"The Fiscal Cliff's Not the Problem"
By: Daniel J. MitchellPosted on December 12, 2012 CATO Institute Topics:
This article appeared in New York Post on December 3, 2012.
Washington is consumed with wrangling over how to deal with the specter of big automatic tax hikes that will hit Jan. 1 when the Bush tax cuts expire. It's also the day that the sequester kicks in, which is the budget-wonk term for an automatic process that will slow the growth of government spending over the next 10 years.
This is the so-called fiscal cliff; it's a fight that has important implications, particularly since some of the tax increases will have a significantly harmful impact on incentives to work, save, invest and create jobs. In a competitive global economy, for instance, it is bizarrely self-destructive to increase the double taxation of dividends and capital gains.
And keep in mind that taxpayers already are getting thrown down a steep hill. A bunch of ObamaCare-related tax hikes are also set to take effect in January, most notably higher tax rates on investment. And the payroll-tax holiday will almost surely expire as well; it may have been an ineffective gimmick in terms of job creation, but it did make a difference for family budgets. Plus, millions of Americans face the specter of getting dragged into the indecipherable swamp of the Alternative Minimum Tax if lawmakers don't take action.

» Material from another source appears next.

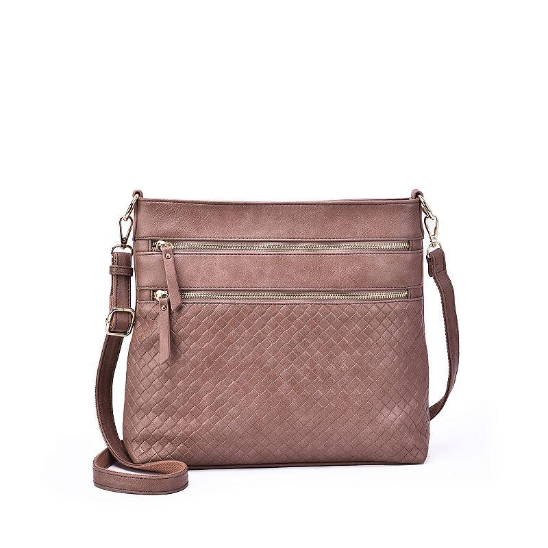Accessorize in style, thanks to Karla Hanson. Accessorize in style, thanks to Karla Hanson. HANDBAG FEATURES Gold-tone hardware Woven pattern, removable handle and strapHANDBAG DETAILS 11H x 12.5 W x 1D Crossbody strap: 23 - 25.5 Removable/adjustable crossbody strap Closure type: Zipper Exterior: 3 zip pockets Interior: 1 zip pocket, 1 slip pocketCONSTRUCTION & CARE Faux Leather Lining: polyester Spot clean Imported Size: One Size. Color: Brown. Gender: female. Age Group: adult.

The real crisis is the ticking time bomb of entitlement programs and the welfare state.
This is all bad news, but it is not a crisis. If we go over the cliff, it simply means the economy will grow a bit slower and politicians will spend a bit more money. And the sequester actually would be (modest) good news, since it means the burden of government spending would be "only" $2 trillion higher 10 years from now, rather than $2.1 trillion higher.
And even if Obama prevails in the fight, that simply means that we get a different mix of tax hikes and spending rises at a faster rate. Sure, that's bad for the economy, but it's not the end of the world.
The real crisis is the ticking time bomb of entitlement programs and the welfare state.
This bomb won't explode this year or next year. It may not even explode for another 20 years. But at some point America will experience a Greek-style fiscal collapse if these programs are not reformed.
It's a simple matter of math due to an aging population. According to both the Bank for International Settlements and the Organization for Economic Cooperation and Development, the future burden of US spending will climb so high that we'll be in worse shape than Europe's welfare states.
Worse than Spain, worse than Italy, worse than France. Our long-run fiscal outlook is even worse than the situation in Greece, according to those international bureaucracies.
A lot of people get upset about the national debt, which is somewhere between $11 trillion and $16 trillion, depending on whether you include money the government owes itself. Those are big numbers — but if you add up the amount of money that the government is promising to spend for entitlement programs in the future and compare that figure to the amount of revenue that the government projects it will collect for those programs, the cumulative shortfall is more than $100 trillion.
And that's after adjusting for inflation.
Some politicians claim this huge, baked-into-the-cake expansion of government isn't a problem, because we can raise taxes. But that's exactly what Europe's welfare states tried — and it didn't work.
Simply stated, even huge tax hikes won't stem the flow of red ink in the long run if government keeps growing faster than the private economy.
This is the fiscal problem that demands attention. Absent real entitlement reform, such as block-granting Medicaid to the states, the burden of government spending will consume ever-larger shares of our economic output with each passing year.
It won't matter if politicians enact Obama's class-warfare tax hikes. It won't matter if they hike payroll taxes on the middle class. It won't even matter if they impose the value-added tax, which is a European-style national sales tax. So long as government spending grows faster than the private sector, it's just a matter of time before international investors pull the plug and stop buying our debt.
Unfortunately, the longer we wait to fix the problem, the harder it will be to solve. More and more Americans will become trapped into lives of government dependency over time, the private economy will be too suffocated by taxes to create jobs, and we could wind up like Greece — with the majority of the voting-age population determined to support the status quo.
But when the status quo is unsustainable, the "bond vigilantes" will be the ones in charge. And when they cut up Washington's credit card, it won't be a pretty situation — especially since there won't be anybody left to bail us out.
Compared to that scenario, the fiscal cliff is a walk in the park.